[Records from a dataset]
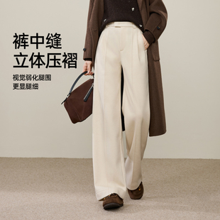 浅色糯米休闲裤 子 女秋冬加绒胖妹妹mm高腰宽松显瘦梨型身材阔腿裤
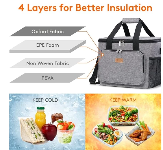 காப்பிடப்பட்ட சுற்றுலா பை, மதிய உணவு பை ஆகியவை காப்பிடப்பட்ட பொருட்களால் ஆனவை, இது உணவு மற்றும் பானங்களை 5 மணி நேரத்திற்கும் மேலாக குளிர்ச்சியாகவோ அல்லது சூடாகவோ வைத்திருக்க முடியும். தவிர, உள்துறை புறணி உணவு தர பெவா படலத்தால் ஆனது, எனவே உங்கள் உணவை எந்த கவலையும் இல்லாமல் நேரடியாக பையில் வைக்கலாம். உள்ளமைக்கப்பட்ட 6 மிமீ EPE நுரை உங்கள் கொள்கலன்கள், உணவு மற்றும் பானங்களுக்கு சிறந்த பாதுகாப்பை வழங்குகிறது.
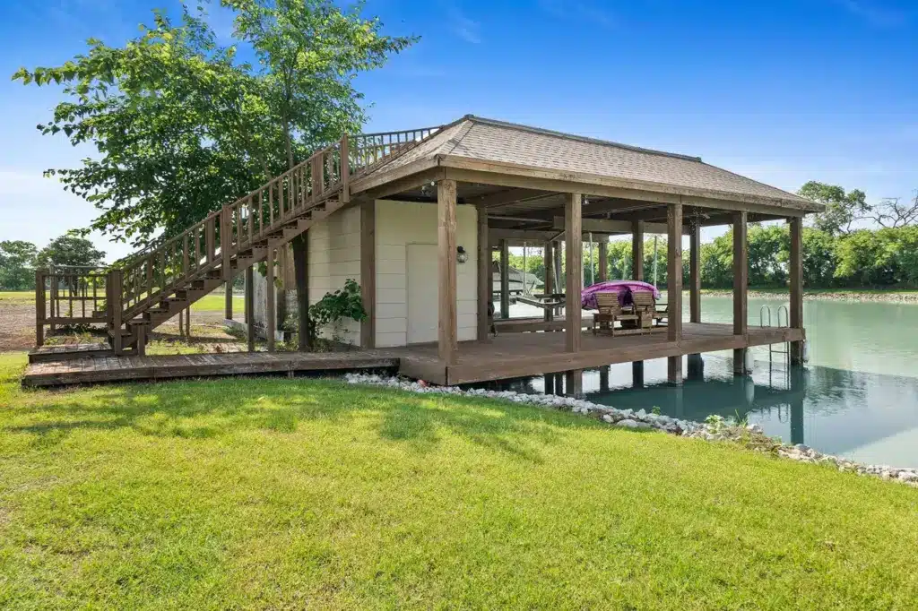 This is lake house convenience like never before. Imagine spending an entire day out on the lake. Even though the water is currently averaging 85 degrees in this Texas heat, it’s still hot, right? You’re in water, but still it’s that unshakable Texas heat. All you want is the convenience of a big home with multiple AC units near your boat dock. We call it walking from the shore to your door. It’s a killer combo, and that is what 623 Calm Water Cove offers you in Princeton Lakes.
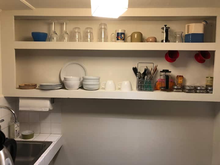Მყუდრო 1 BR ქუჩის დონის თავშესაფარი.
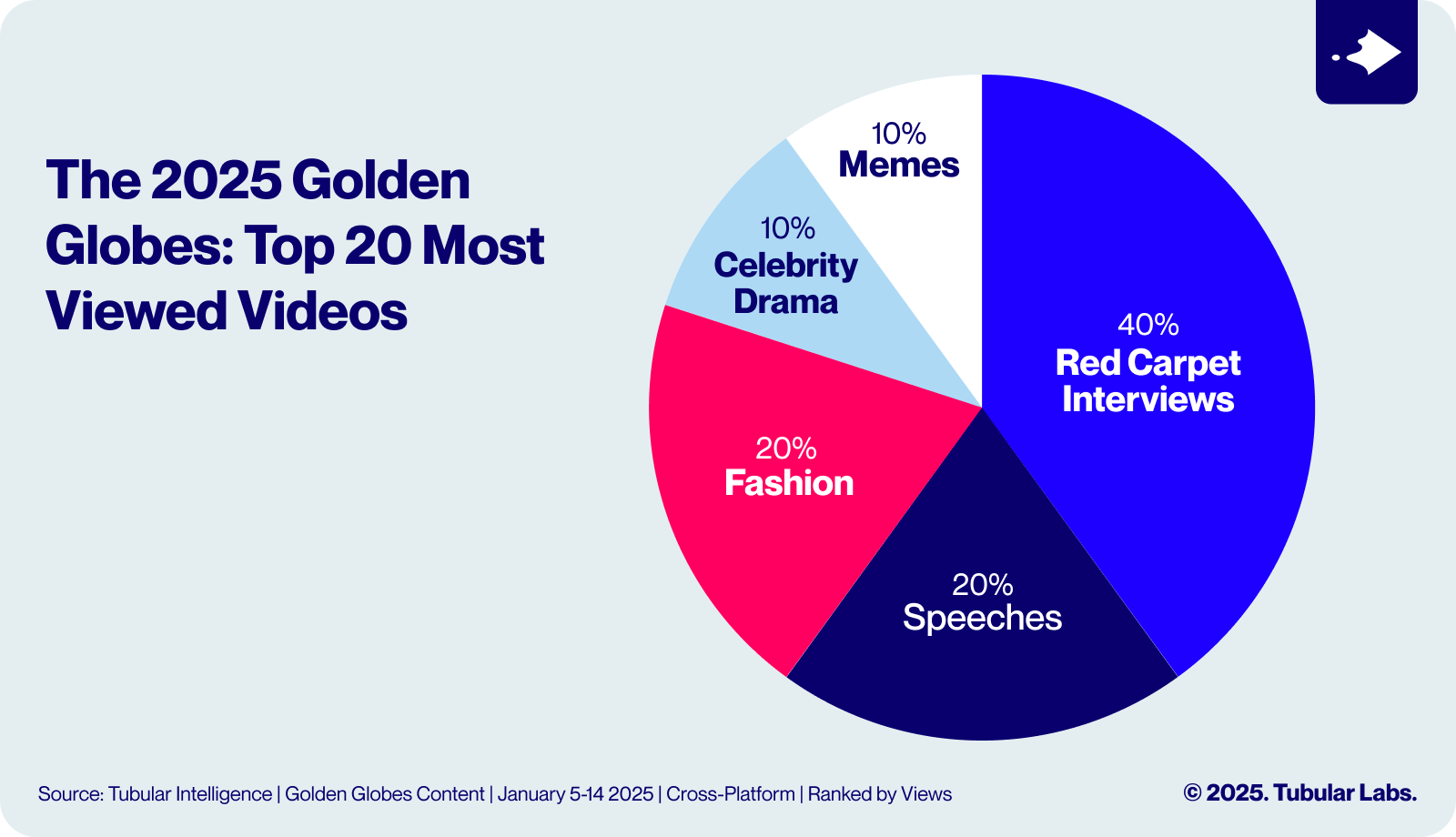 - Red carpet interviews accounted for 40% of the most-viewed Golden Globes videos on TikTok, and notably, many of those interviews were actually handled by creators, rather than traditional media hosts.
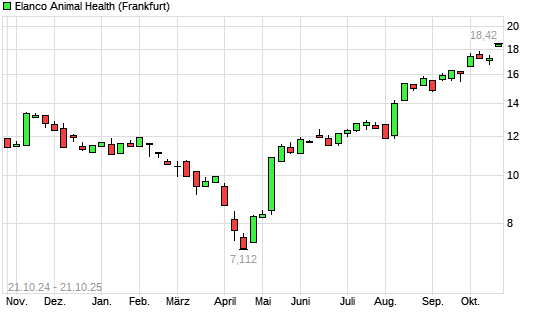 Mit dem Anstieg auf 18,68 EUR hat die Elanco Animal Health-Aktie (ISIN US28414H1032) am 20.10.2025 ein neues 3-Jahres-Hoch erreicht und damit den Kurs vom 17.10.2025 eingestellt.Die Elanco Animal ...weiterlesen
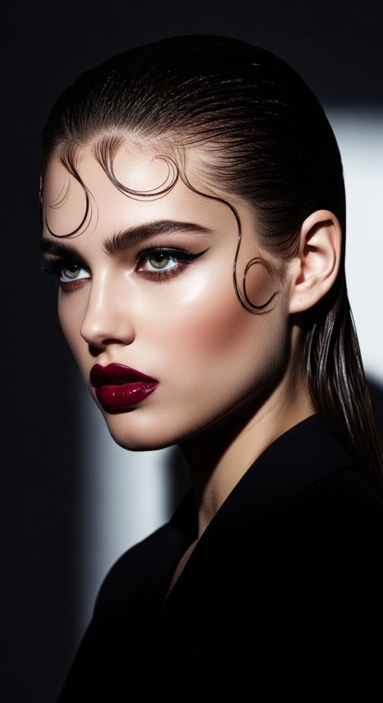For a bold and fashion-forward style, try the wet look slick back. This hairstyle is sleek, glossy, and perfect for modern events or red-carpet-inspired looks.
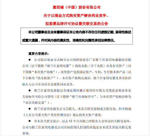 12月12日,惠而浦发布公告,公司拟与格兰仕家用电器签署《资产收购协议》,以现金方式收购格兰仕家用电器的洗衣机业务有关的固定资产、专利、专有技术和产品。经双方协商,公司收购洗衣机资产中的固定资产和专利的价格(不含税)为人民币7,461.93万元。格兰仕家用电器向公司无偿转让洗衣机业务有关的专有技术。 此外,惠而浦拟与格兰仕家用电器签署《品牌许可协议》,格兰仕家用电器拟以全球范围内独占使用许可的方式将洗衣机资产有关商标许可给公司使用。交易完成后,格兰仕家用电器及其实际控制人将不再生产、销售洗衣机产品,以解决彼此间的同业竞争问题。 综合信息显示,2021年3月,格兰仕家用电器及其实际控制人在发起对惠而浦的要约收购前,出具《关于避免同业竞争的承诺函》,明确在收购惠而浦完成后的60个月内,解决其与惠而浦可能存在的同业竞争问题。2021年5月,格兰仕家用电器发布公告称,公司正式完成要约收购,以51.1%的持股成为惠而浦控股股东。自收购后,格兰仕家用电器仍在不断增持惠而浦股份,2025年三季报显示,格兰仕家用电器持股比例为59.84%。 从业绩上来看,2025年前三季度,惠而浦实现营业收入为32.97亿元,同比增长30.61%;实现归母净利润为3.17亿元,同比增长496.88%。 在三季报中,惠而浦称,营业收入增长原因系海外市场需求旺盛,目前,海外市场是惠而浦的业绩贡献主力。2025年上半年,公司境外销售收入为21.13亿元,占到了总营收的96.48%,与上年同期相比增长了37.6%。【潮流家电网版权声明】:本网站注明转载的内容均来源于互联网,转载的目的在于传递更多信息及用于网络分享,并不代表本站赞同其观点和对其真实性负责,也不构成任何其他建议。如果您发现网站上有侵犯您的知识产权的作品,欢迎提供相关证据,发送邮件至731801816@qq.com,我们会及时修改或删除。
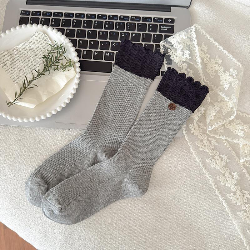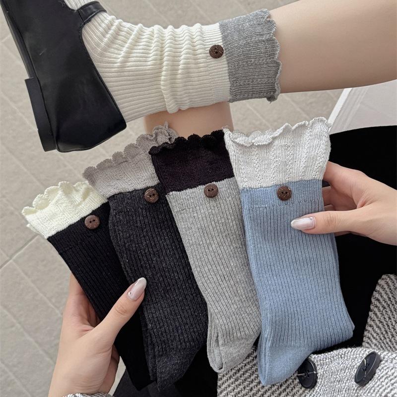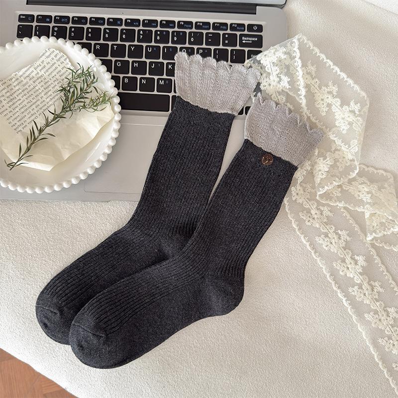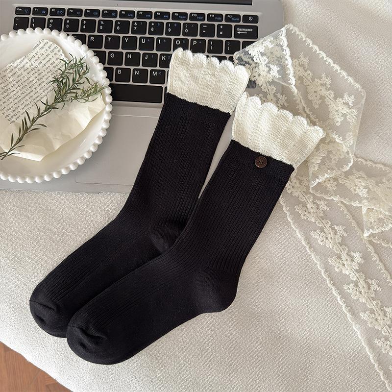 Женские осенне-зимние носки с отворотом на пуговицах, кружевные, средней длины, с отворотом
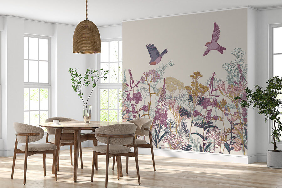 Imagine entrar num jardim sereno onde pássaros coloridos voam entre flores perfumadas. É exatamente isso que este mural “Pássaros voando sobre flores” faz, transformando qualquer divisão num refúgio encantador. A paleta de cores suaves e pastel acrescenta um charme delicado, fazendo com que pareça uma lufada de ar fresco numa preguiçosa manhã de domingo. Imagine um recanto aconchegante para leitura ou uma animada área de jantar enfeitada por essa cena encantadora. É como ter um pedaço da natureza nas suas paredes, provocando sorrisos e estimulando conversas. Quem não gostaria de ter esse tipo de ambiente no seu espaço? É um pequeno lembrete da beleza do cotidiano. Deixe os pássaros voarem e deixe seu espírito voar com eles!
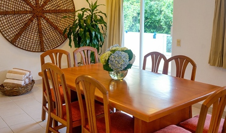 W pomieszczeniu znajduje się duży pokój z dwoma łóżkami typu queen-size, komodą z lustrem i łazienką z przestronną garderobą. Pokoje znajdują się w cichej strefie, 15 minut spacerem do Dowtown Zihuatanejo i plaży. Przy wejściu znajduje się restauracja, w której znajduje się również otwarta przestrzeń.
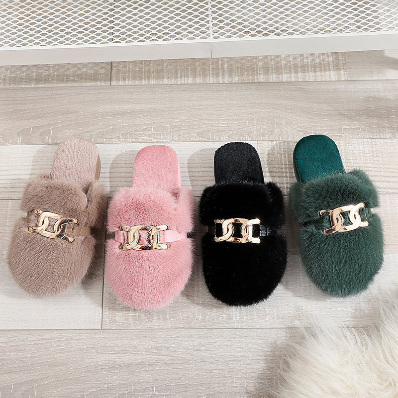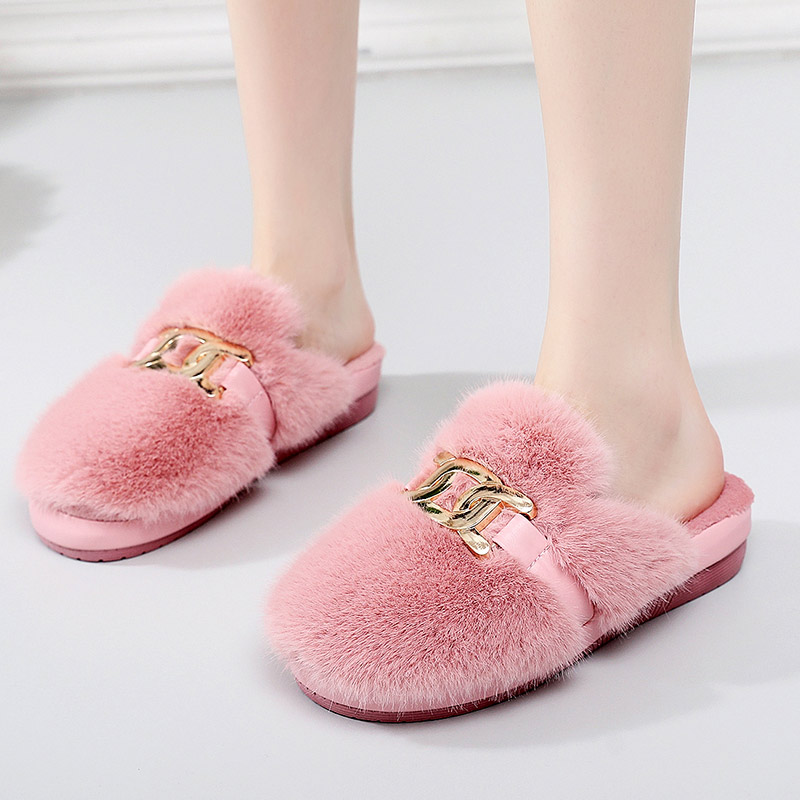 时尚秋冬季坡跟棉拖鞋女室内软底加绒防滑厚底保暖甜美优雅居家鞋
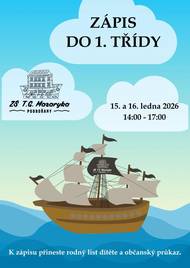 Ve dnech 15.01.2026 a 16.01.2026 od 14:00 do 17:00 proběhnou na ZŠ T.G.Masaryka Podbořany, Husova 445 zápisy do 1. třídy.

The problem: Nothing should appear in the answer except the lines from the first line of the data through the line holding "Mit dem Anstieg", exactly as written, with pictures left out.

Answer box:
 浅色糯米休闲裤 子 女秋冬加绒胖妹妹mm高腰宽松显瘦梨型身材阔腿裤
 காப்பிடப்பட்ட சுற்றுலா பை, மதிய உணவு பை ஆகியவை காப்பிடப்பட்ட பொருட்களால் ஆனவை, இது உணவு மற்றும் பானங்களை 5 மணி நேரத்திற்கும் மேலாக குளிர்ச்சியாகவோ அல்லது சூடாகவோ வைத்திருக்க முடியும். தவிர, உள்துறை புறணி உணவு தர பெவா படலத்தால் ஆனது, எனவே உங்கள் உணவை எந்த கவலையும் இல்லாமல் நேரடியாக பையில் வைக்கலாம். உள்ளமைக்கப்பட்ட 6 மிமீ EPE நுரை உங்கள் கொள்கலன்கள், உணவு மற்றும் பானங்களுக்கு சிறந்த பாதுகாப்பை வழங்குகிறது.
 This is lake house convenience like never before. Imagine spending an entire day out on the lake. Even though the water is currently averaging 85 degrees in this Texas heat, it’s still hot, right? You’re in water, but still it’s that unshakable Texas heat. All you want is the convenience of a big home with multiple AC units near your boat dock. We call it walking from the shore to your door. It’s a killer combo, and that is what 623 Calm Water Cove offers you in Princeton Lakes.
Მყუდრო 1 BR ქუჩის დონის თავშესაფარი.
 - Red carpet interviews accounted for 40% of the most-viewed Golden Globes videos on TikTok, and notably, many of those interviews were actually handled by creators, rather than traditional media hosts.
 Mit dem Anstieg auf 18,68 EUR hat die Elanco Animal Health-Aktie (ISIN US28414H1032) am 20.10.2025 ein neues 3-Jahres-Hoch erreicht und damit den Kurs vom 17.10.2025 eingestellt.Die Elanco Animal ...weiterlesen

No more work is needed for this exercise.